**What this task involves**.
Reproduce word for word every line from the one containing "截至2025年,公司经营活动" to the final line of the data below; omit the pictures.

**Given data**.
■ ■ ■ ■

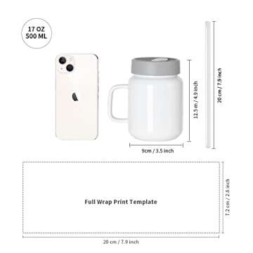 Show moreIntroduce a touch of creativity and personality to your drinkware collection with the PYD Life Sublimation Blanks Mason Jar Ceramic. These beautifully crafted white ceramic mason jars are designed specifically for sublimation, ensuring your custom prints shine brightly and vividly without losing quality. Each 17 oz (500 ml) tumbler is perfect for sipping your favorite beverages, whether it's refreshing iced tea, morning coffee, or delicious smoothies. The supplied gray silicone lid not only adds an elegant look but also enhances functionality by keeping your drinks secure, making spills a thing of the past. With a clear glass straw included, enjoy a comfortable drinking experience while showcasing your unique designs. Whether you are looking to personalize drinkware for yourself or as a thoughtful gift for someone special, this product offers endless potential to express creativity.
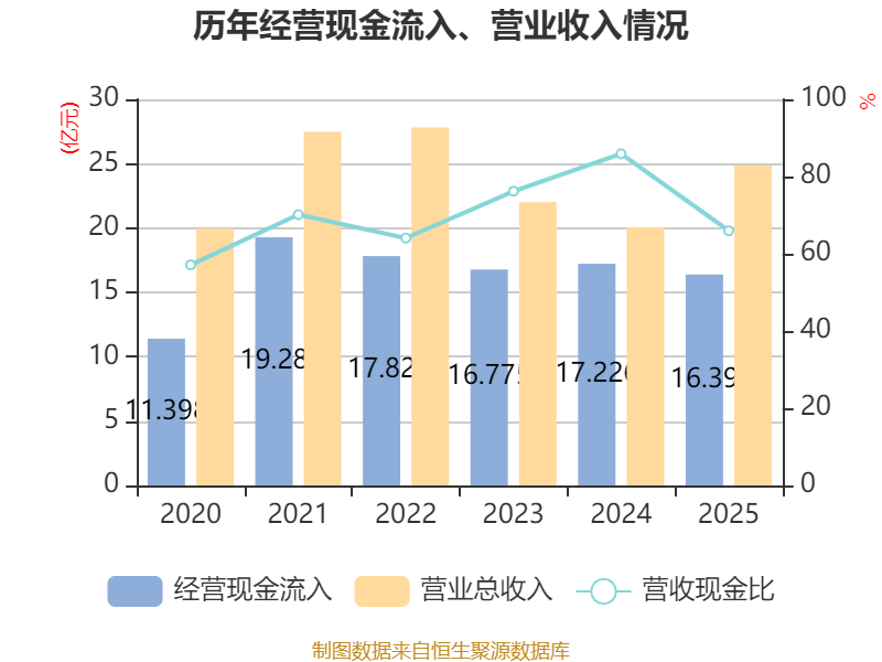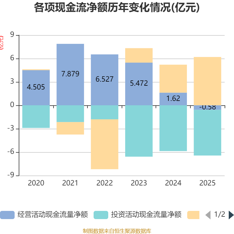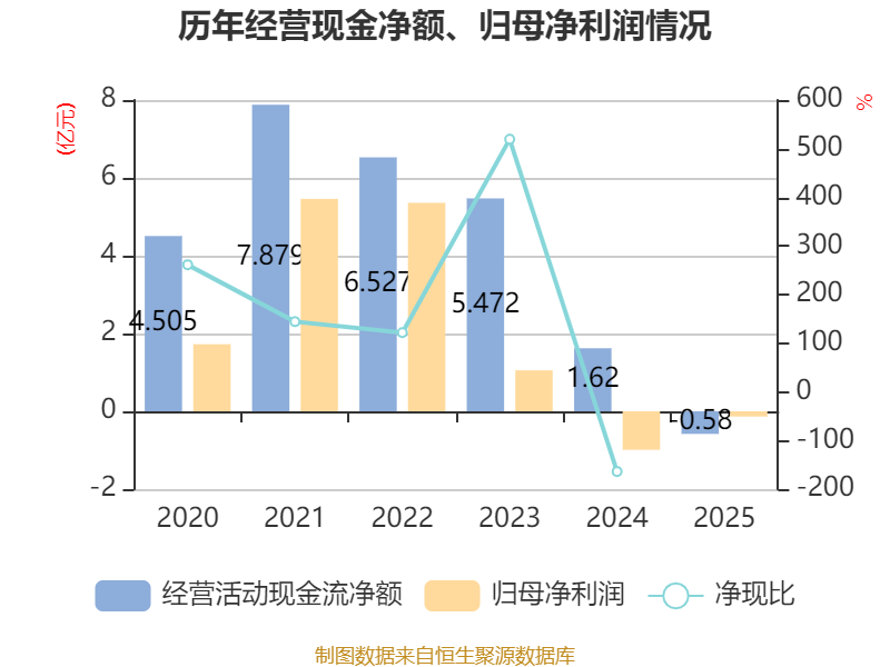 截至2025年,公司经营活动现金流净额为-5802.09万元,同比减少2.2亿元;筹资活动现金流净额6.19亿元,同比增加2.6亿元;投资活动现金流净额-5.86亿元,上年同期为-5.87亿元。
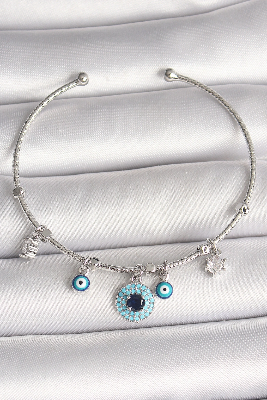 Erb Pirinç Gümüş Renk Sallantı Zirkon Taşlı Nazar Boncuk Figür Charm Kadın Bileklik

■ ■ ■ ■

**Written solution**.
 截至2025年,公司经营活动现金流净额为-5802.09万元,同比减少2.2亿元;筹资活动现金流净额6.19亿元,同比增加2.6亿元;投资活动现金流净额-5.86亿元,上年同期为-5.87亿元。
 Erb Pirinç Gümüş Renk Sallantı Zirkon Taşlı Nazar Boncuk Figür Charm Kadın Bileklik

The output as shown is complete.